In deze zaak heeft de rechtbank Den Haag op 4 juli 2025 een beschikking gegeven in een familierechtelijke procedure betreffende de zorgregeling en ondertoezichtstelling van een minderjarige. De moeder heeft op 28 april 2023 een verzoek ingediend om te bepalen dat er geen zorgregeling wordt opgelegd tussen de vader en de minderjarige. De vader, die via een Registratie Niet Ingezetenen (RNI) betrokken is, heeft op zijn beurt verzocht om ondertoezichtstelling van de minderjarige. De rechtbank heeft eerder, op 23 juni 2023, de beslissing over de zorg- en opvoedingstaken aangehouden in afwachting van een ouderschapsbemiddelingstraject. In een eerdere beschikking van 15 oktober 2024 is mr. L. de Roode benoemd tot bijzondere curator over de minderjarige.
Tijdens de zitting op 5 juni 2025 zijn de ouders, hun advocaten, de bijzondere curator en vertegenwoordigers van de Raad voor de Kinderbescherming aanwezig geweest. De rechtbank heeft kennisgenomen van verschillende adviezen en formulieren die zijn ingediend door de bijzondere curator en de ouders. De minderjarige heeft aangegeven geen contact meer te willen met de vader en heeft verzoeken gedaan om het eenhoofdig gezag aan de moeder toe te kennen en haar achternaam te wijzigen. De rechtbank heeft geconcludeerd dat het in het belang van de minderjarige is om geen gedwongen zorgregeling vast te stellen, gezien de weerstand die de minderjarige heeft ervaren bij eerdere contactmomenten.

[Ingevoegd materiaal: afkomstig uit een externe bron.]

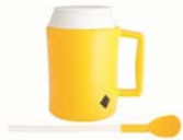
Slushie maker cup

Exciting new Term 4 rewards with a Super Savers theme are now available, while stocks last!

De rechtbank heeft het verzoek van de vader tot ondertoezichtstelling afgewezen, omdat er geen ontwikkelingsbedreiging is vastgesteld. De rechtbank heeft benadrukt dat de ouders samen moeten werken aan de ontwikkeling van de minderjarige en dat hulpverlening noodzakelijk is. De bijzondere curator is ontslagen uit haar functie, omdat vertegenwoordiging van de minderjarige niet meer nodig is. De rechtbank heeft de beslissing uitvoerbaar bij voorraad verklaard, wat betekent dat de uitspraak onmiddellijk van kracht is, ondanks eventuele hoger beroep procedures.